ABOUT THIS TASK »
Only the lines from the one containing "The DoubleHood Sweatshirt" through the last line of the material should be copied, exactly as written and without pictures.

SOURCE MATERIAL »

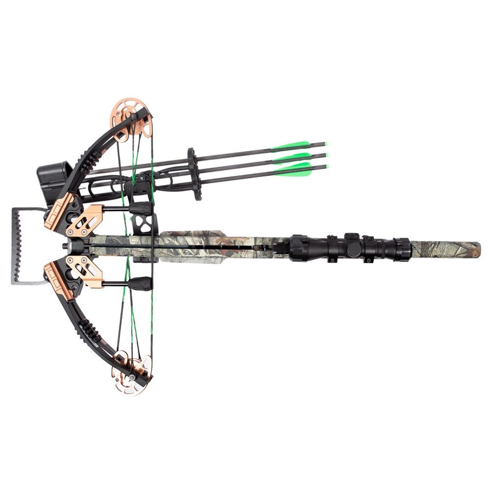 Acompanha Quiver para armazenamento das 03 setas 20” de fibra de carbono que acompanham na caixa. Também acompanha corda auxiliar para armar e jogo de amortecedores de corda.
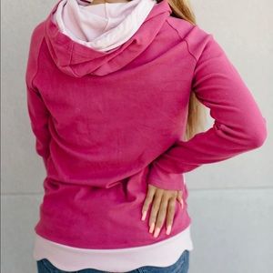 The DoubleHood Sweatshirt is cozy and adorable. With this being 95% Cotton & 5% Spandex, this is super stretchy! Pink allover with blush accents and scalloped trim.
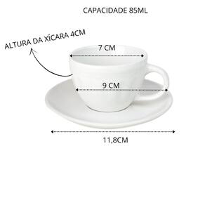 Sirva seu café com charme e elegância com este jogo de xícaras com pires de cerâmica branca, composto por 12 peças (6 xícaras e 6 pires). Cada xícara tem capacidade de 85 ml, ideal para café expresso ou café coado, tornando seus momentos ainda mais especiais.
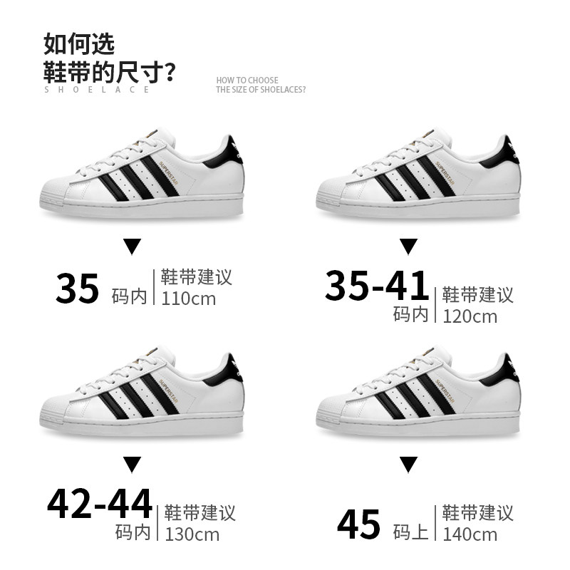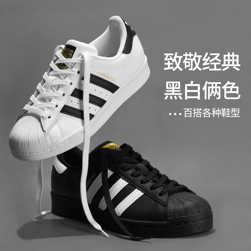 适配阿迪贝壳头三叶草鞋带男女款扁平百搭板鞋帆布鞋黑白色鞋带绳

YOUR RESPONSE »
 The DoubleHood Sweatshirt is cozy and adorable. With this being 95% Cotton & 5% Spandex, this is super stretchy! Pink allover with blush accents and scalloped trim.
 Sirva seu café com charme e elegância com este jogo de xícaras com pires de cerâmica branca, composto por 12 peças (6 xícaras e 6 pires). Cada xícara tem capacidade de 85 ml, ideal para café expresso ou café coado, tornando seus momentos ainda mais especiais.
 适配阿迪贝壳头三叶草鞋带男女款扁平百搭板鞋帆布鞋黑白色鞋带绳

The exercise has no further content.